> **TASK TO CARRY OUT**: Your task is to copy the data exactly while leaving out every picture.

> **GIVEN DATA**:
===

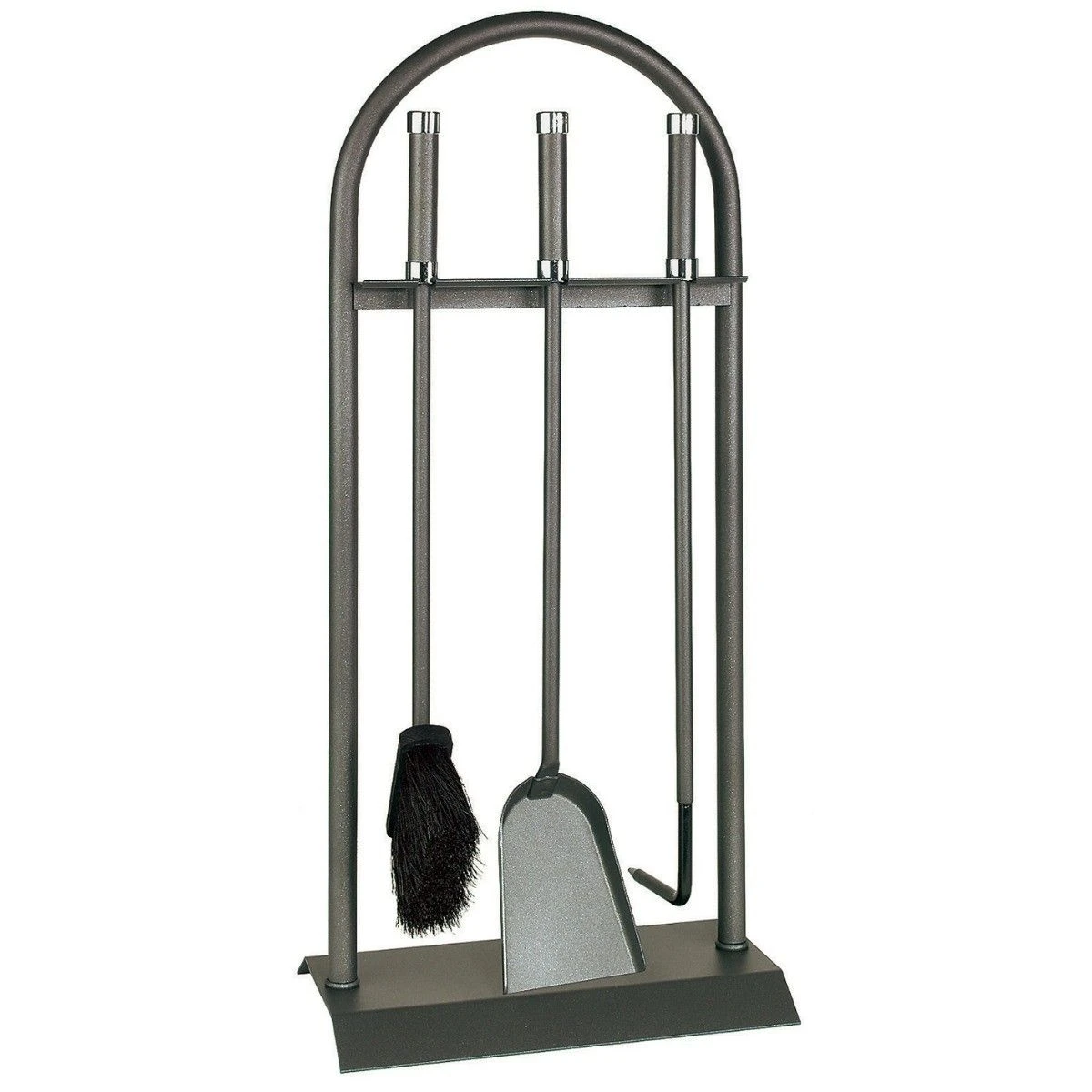 Kaminbesteck 3-teilig, anthrazit beschichtet mit Griffen mit Chromkappen.
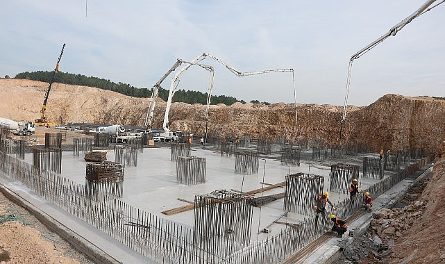 Hafta sonu gerçekleştirilen çalışmalar kapsamında, 2 bin 300 metrekarelik alana, 1,30 metre yüksekliğinde toplam 2 bin 900 metreküp beton döküldü. Böylece hastanenin temel betonunun yaklaşık yüzde 30’u tamamlanmış oldu. Şantiye alanında istinat duvarı, gro beton serimi ve temel demir bağlama işlemleri de eş zamanlı olarak sürüyor. Çalışmaların planlandığı şekilde ilerlediği bildirildi.
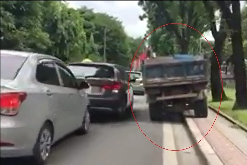 Chiếc xe tải vi phạm như thể... "làm xiếc" trên phố Kim Mã (khoanh đỏ, ảnh cắt từ clip)

===

> **ANSWER BOX**:
 Kaminbesteck 3-teilig, anthrazit beschichtet mit Griffen mit Chromkappen.
 Hafta sonu gerçekleştirilen çalışmalar kapsamında, 2 bin 300 metrekarelik alana, 1,30 metre yüksekliğinde toplam 2 bin 900 metreküp beton döküldü. Böylece hastanenin temel betonunun yaklaşık yüzde 30’u tamamlanmış oldu. Şantiye alanında istinat duvarı, gro beton serimi ve temel demir bağlama işlemleri de eş zamanlı olarak sürüyor. Çalışmaların planlandığı şekilde ilerlediği bildirildi.
 Chiếc xe tải vi phạm như thể... "làm xiếc" trên phố Kim Mã (khoanh đỏ, ảnh cắt từ clip)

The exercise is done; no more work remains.